I told you about the letter I wrote to the Mother where I described my syllabus of the spiritual history of India. I would like to take this opportunity to read out to you the answer of the Mother. It’s a short answer, but I would like to tell you what Mother told me because it is very relevant to the present question.
You were trying to show the continuity of history with Sri Aurobindo as the outcome, the culmination. It is false entirely. Sri Aurobindo does not belong to history. He is outside and beyond history. Until the birth of Sri Aurobindo, religions and spiritualities were always centered on past figures, and they were showing as a goal the negation of life upon the earth. So you had a choice between two alternatives: either a life in this world with its round of petty pleasures and pains, joys and sufferings, threatened by Hell if you were not behaving properly; or an escape into another world — Heaven, Nirvana, moksha, liberation. Between these two there is nothing much to choose: They are equally bad. Sri Aurobindo has told us that this was the fundamental mistake which accounts for the weakness and degradation of India. Buddhism, Jainism, Illusionism were sufficient to sap all energy out of the country. True, India is the only place in the world which is still aware that something else than Matter exists, the other countries have forgotten it, Europe, America and elsewhere. That is why she still has a message to preserve and deliver to the world. But at present she is splashing and floundering in the muddle. Sri Aurobindo has shown that the Truth does not lie in running away from the earthly life, but in remaining in it to transform it, divinize it, so that the Divine can manifest here in this physical world.

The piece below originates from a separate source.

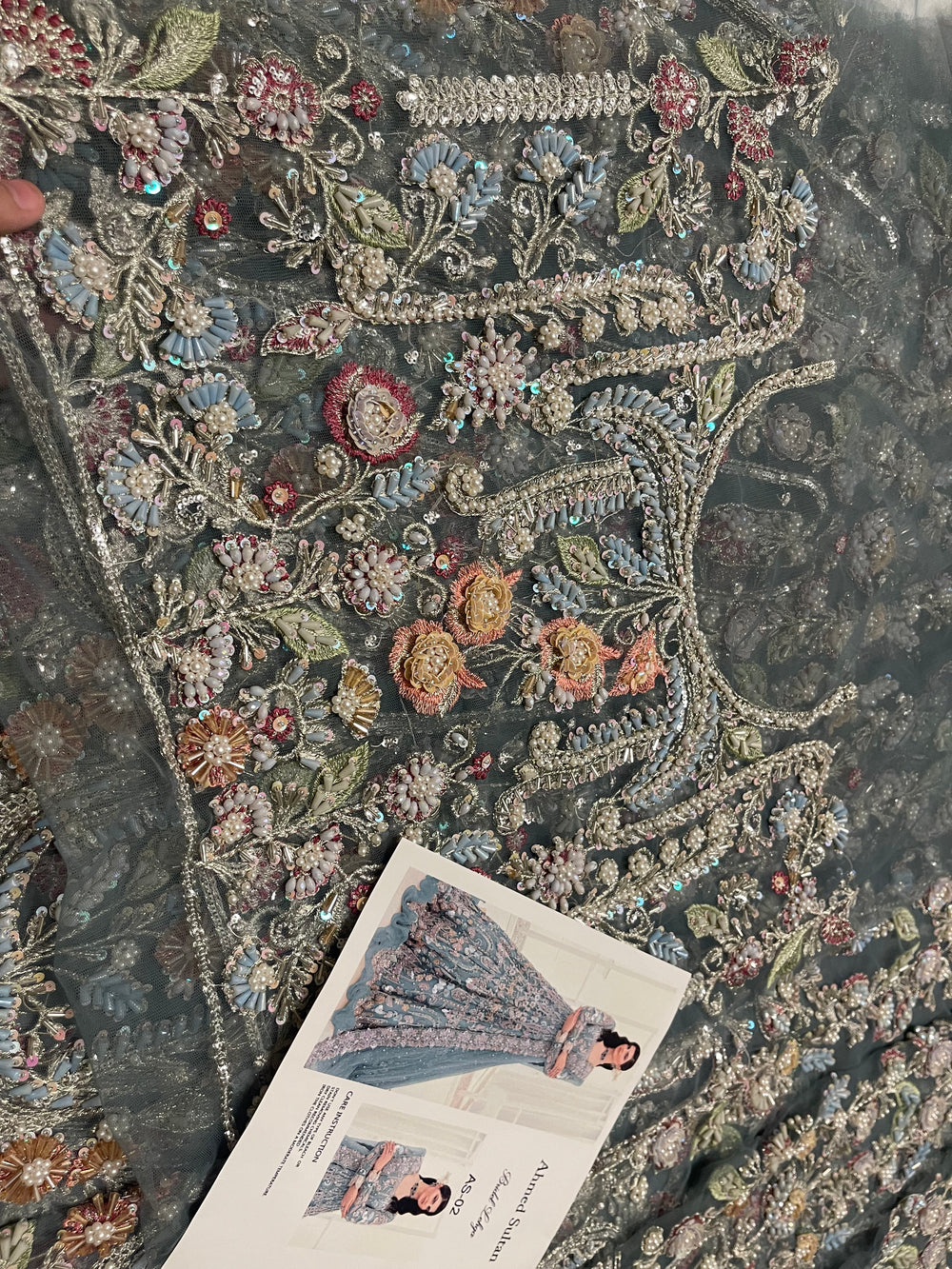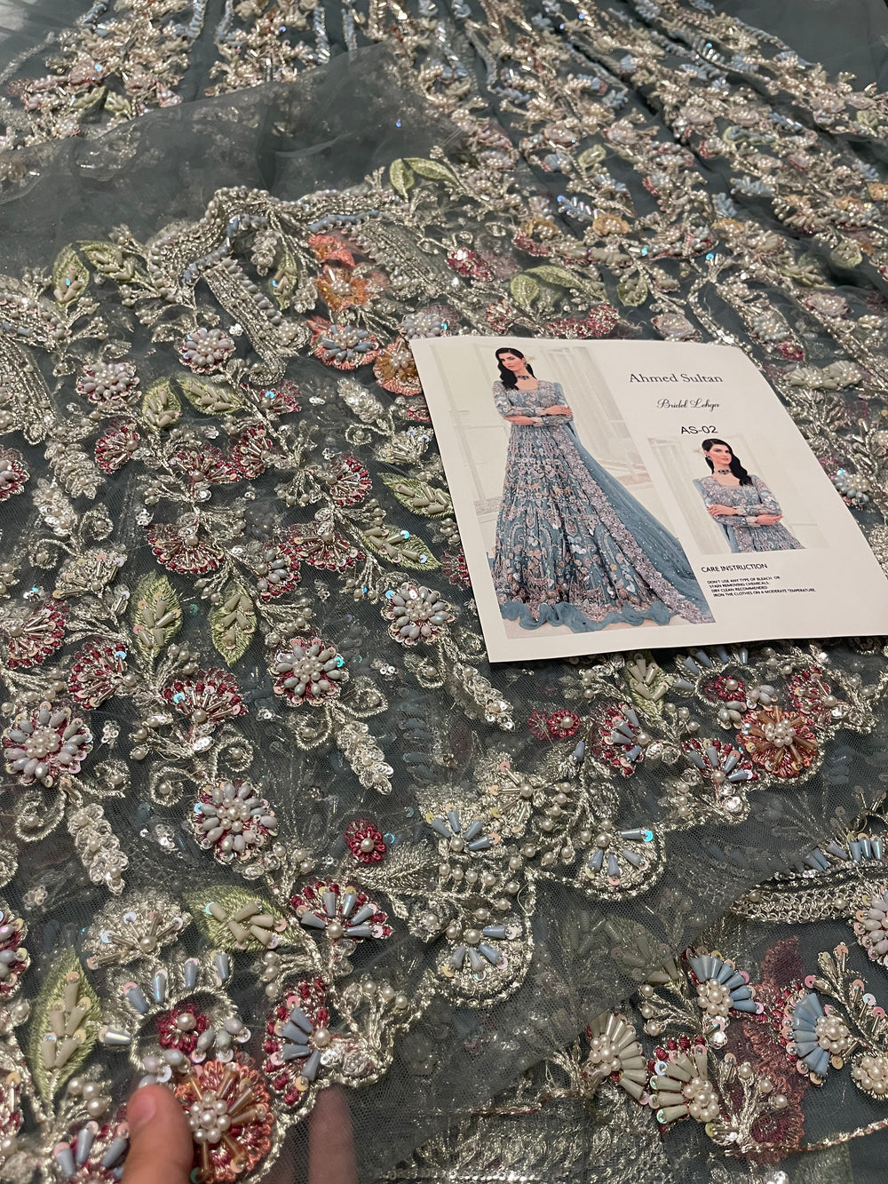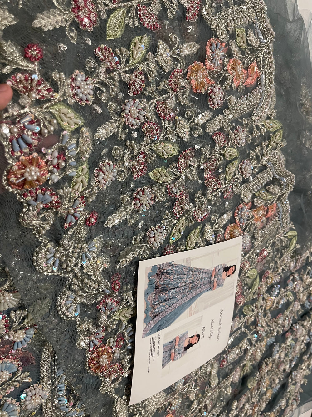 Orchid radiates the charm of a harmonious color palette with the artistic blend of accents of rose pink, dull yellow, and heavy detailing of sequenced handwork on a sheer canvas.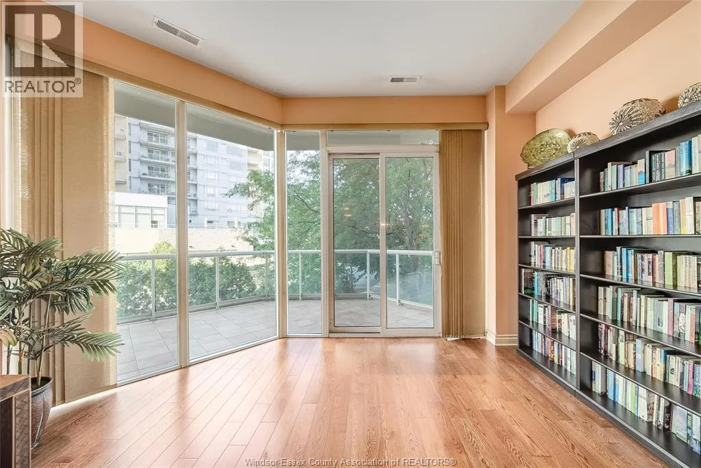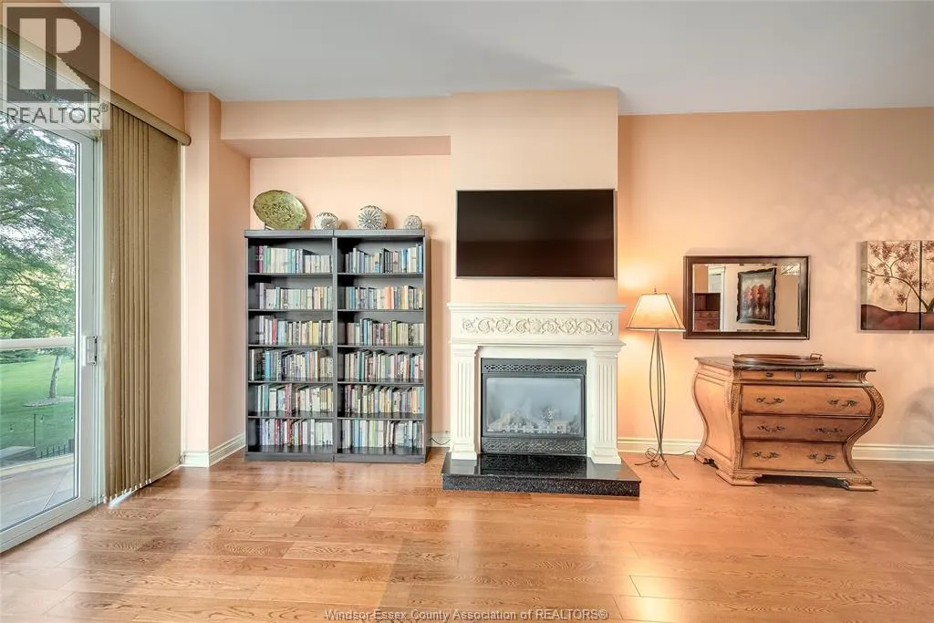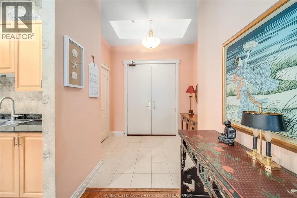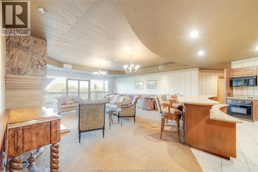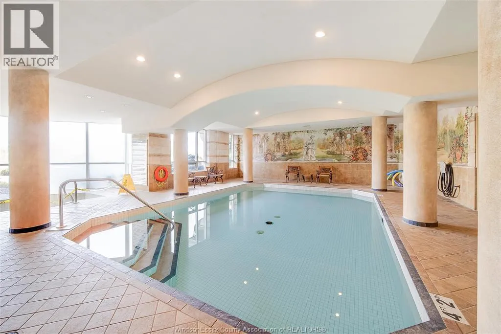 Luxury, beauty, and peace of mind await you at one of Windsor's most prestigious addresses, the Gates of Glengarda. From the moment you enter you are greeted by a circular drive, meticulously landscaped gardens, and courtyard. The lobby has soaring ceilings, twin spiral staircases, sculptural elements, and intricate detail throughout. World class amenities include 24/7 concierge and security, an elegant party room with a fully equipped kitchen, comfortable seating, fireplace, and a walk out terrace overlooking the grounds, park and waterfront..There's even a billiards room and a library to enjoy a good read. For wellness and recreation, a fitness centre, indoor pool, hot tub, and sauna. A third floor terrace with barbecues and seating offers a welcoming outdoor retreat. Residents also enjoy the convenience of underground parking complete with a car wash station. For visiting friends or family, two private guest suites are available. And now the suite itself, with 10 foot ceilings, luxurious appointments and finishes. The kitchen features maple cabinetry, granite countertops, and pantry. There's convenient in-suite laundry. The spacious open concept living and dining area with gas fireplace leads to a tiled wrap around balcony with glass railings with views of the courtyard, park and waterfront.This suite has two bedrooms and two full baths.The primary bedroom features an ensuite bath with jetted tub and walk-in closet, and the second bedroom has access to the balcony. All this within steps to the most beautiful gardens, parks, trails, and waterfront. All furnishings can be included making this turn key and move in ready. (id:27476)

Then she addresses me and says:
You should tell all this at the first sitting. You should be square and frank.
Then, when this is told, strongly, squarely, and there is no doubt about it—and then only—you can go on and amuse them with the history of religions and religious or spiritual leaders.
Then—and then only—you will be able to show the seed of weakness and falsehood that they have harbored and proclaimed.
Then—and then only—you will be able to discern, from time to time, from place to place, an “intuition” that something else is possible: in the Vedas, for instance (the injunction to descend deep into the cave of the Panis); in the Tantras also … a little light burning.
The Mother, Mother's Agenda — 1967: April 5, 1967
I may add that you could adopt as motto for your first project this quotation of Sri Aurobindo:
“We do not belong to the past dawns, but to the noons of the future.”
(Essays on the Gita)
This is the third discovery of the Veda, about the Supermind, and I told you how Sri Aurobindo goes beyond — it’s not beyond, but something new that was not even conceived in the Veda.
In a sense, by telling you all this I have told you also what Sri Aurobindo has done with regard to the two other discoveries: the discovery of the Supreme Reality, and the discovery of the completeness of knowledge, the integrality of knowledge that we find in the Veda, and the Yoga of the Veda.
So with regard to each one of these five discoveries, there is in Sri Aurobindo, as Mother says, “the presence of the noons of the future”.